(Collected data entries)
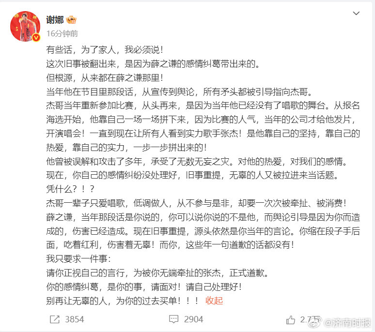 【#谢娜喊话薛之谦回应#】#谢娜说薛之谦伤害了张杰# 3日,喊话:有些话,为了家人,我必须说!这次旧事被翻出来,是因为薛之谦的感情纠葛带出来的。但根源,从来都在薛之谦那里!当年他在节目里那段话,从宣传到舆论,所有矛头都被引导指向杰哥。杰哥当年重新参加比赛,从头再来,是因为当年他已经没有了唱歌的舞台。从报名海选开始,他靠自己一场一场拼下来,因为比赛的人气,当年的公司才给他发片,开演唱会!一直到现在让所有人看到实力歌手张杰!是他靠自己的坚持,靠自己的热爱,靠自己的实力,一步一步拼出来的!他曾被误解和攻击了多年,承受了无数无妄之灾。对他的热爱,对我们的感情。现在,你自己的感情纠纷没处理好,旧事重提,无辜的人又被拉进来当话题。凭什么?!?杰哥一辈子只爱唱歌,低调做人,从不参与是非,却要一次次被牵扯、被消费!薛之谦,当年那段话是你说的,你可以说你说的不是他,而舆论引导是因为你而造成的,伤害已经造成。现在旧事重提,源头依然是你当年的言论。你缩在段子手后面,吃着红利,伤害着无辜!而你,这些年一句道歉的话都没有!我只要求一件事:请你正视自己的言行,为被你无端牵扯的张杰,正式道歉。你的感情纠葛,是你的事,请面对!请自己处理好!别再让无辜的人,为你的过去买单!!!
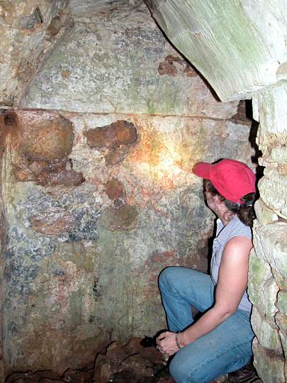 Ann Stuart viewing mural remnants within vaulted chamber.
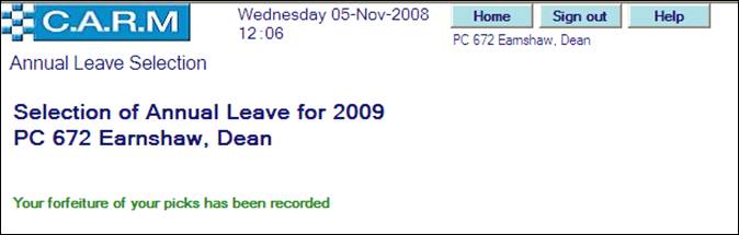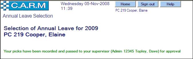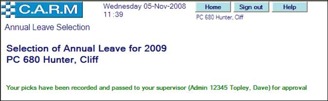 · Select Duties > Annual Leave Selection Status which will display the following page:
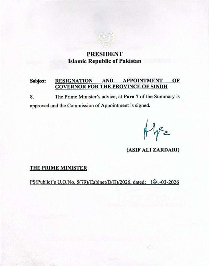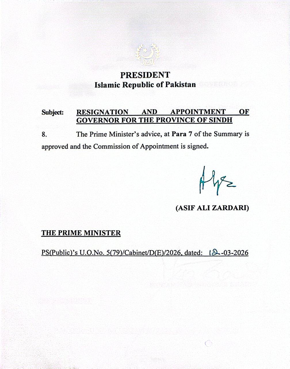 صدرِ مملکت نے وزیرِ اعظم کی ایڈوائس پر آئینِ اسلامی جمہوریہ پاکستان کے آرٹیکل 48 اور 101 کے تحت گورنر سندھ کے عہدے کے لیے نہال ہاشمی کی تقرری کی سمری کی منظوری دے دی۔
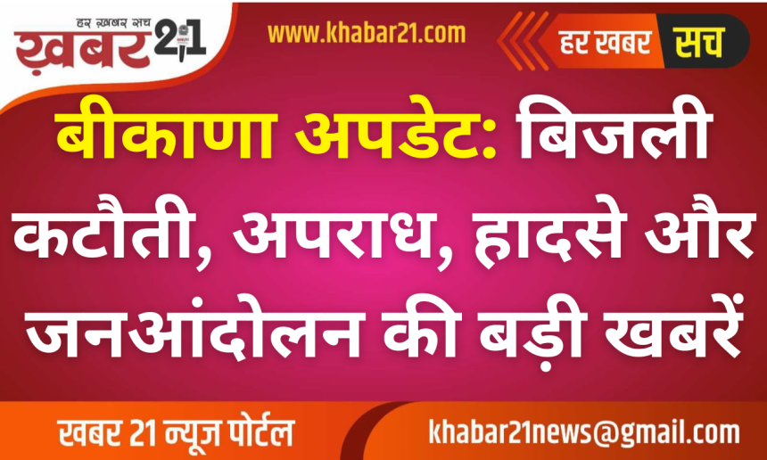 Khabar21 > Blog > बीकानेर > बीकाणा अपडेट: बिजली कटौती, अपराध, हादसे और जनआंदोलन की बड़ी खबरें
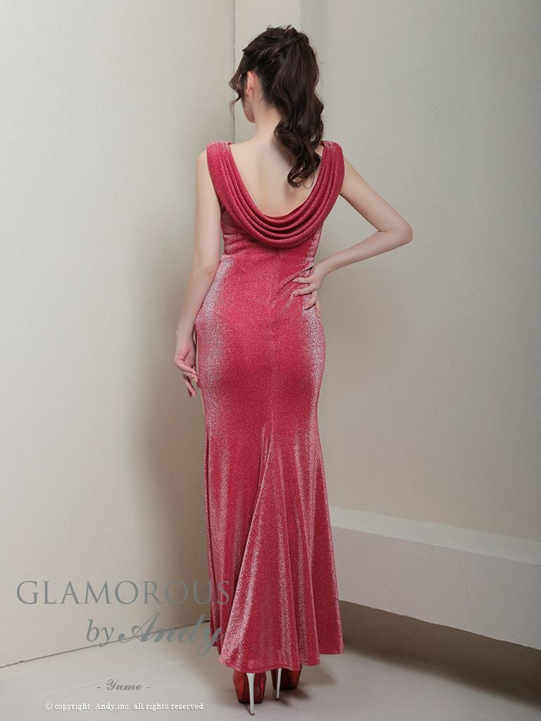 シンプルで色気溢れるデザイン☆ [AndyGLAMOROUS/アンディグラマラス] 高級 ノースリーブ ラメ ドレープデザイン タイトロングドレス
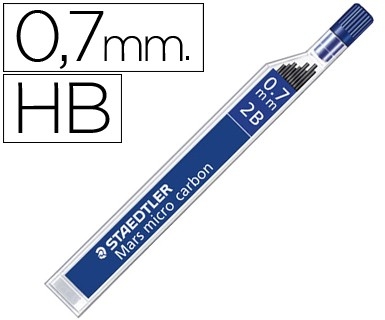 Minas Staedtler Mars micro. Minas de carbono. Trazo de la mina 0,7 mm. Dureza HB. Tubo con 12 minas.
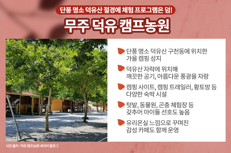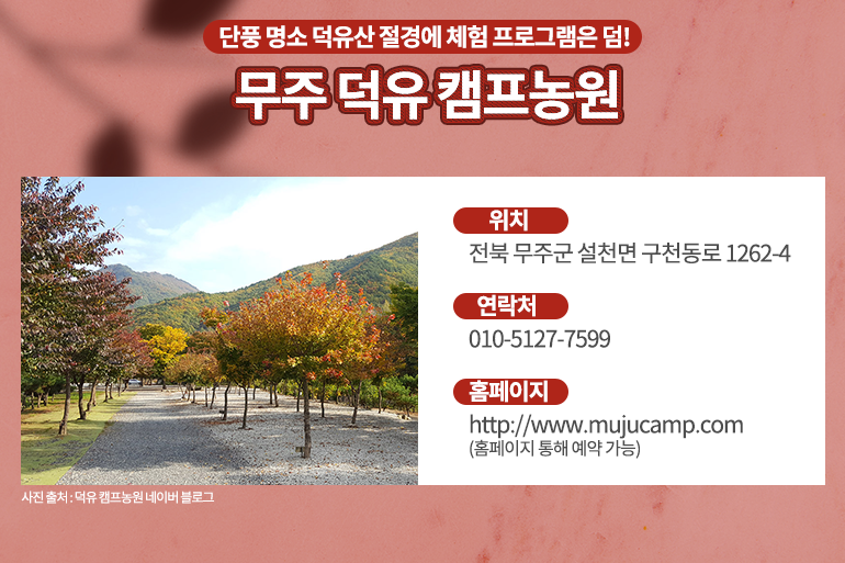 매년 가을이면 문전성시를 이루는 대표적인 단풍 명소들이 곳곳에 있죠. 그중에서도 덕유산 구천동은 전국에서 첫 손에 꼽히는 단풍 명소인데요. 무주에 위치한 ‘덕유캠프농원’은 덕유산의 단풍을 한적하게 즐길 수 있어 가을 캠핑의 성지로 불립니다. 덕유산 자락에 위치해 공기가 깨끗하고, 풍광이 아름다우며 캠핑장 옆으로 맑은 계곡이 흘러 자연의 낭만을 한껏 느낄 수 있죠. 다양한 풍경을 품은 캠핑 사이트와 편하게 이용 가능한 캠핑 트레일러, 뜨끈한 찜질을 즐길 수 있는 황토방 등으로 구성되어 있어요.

**WHAT IS EXPECTED:**
Word for word, repeat only the lines from the line containing "シンプルで色気溢れるデザイン☆ [AndyGLAMOROUS/アンディグラマラス] 高級" through the end of the data, without any pictures.

**TASK RESULT:**
 シンプルで色気溢れるデザイン☆ [AndyGLAMOROUS/アンディグラマラス] 高級 ノースリーブ ラメ ドレープデザイン タイトロングドレス
 Minas Staedtler Mars micro. Minas de carbono. Trazo de la mina 0,7 mm. Dureza HB. Tubo con 12 minas.
 매년 가을이면 문전성시를 이루는 대표적인 단풍 명소들이 곳곳에 있죠. 그중에서도 덕유산 구천동은 전국에서 첫 손에 꼽히는 단풍 명소인데요. 무주에 위치한 ‘덕유캠프농원’은 덕유산의 단풍을 한적하게 즐길 수 있어 가을 캠핑의 성지로 불립니다. 덕유산 자락에 위치해 공기가 깨끗하고, 풍광이 아름다우며 캠핑장 옆으로 맑은 계곡이 흘러 자연의 낭만을 한껏 느낄 수 있죠. 다양한 풍경을 품은 캠핑 사이트와 편하게 이용 가능한 캠핑 트레일러, 뜨끈한 찜질을 즐길 수 있는 황토방 등으로 구성되어 있어요.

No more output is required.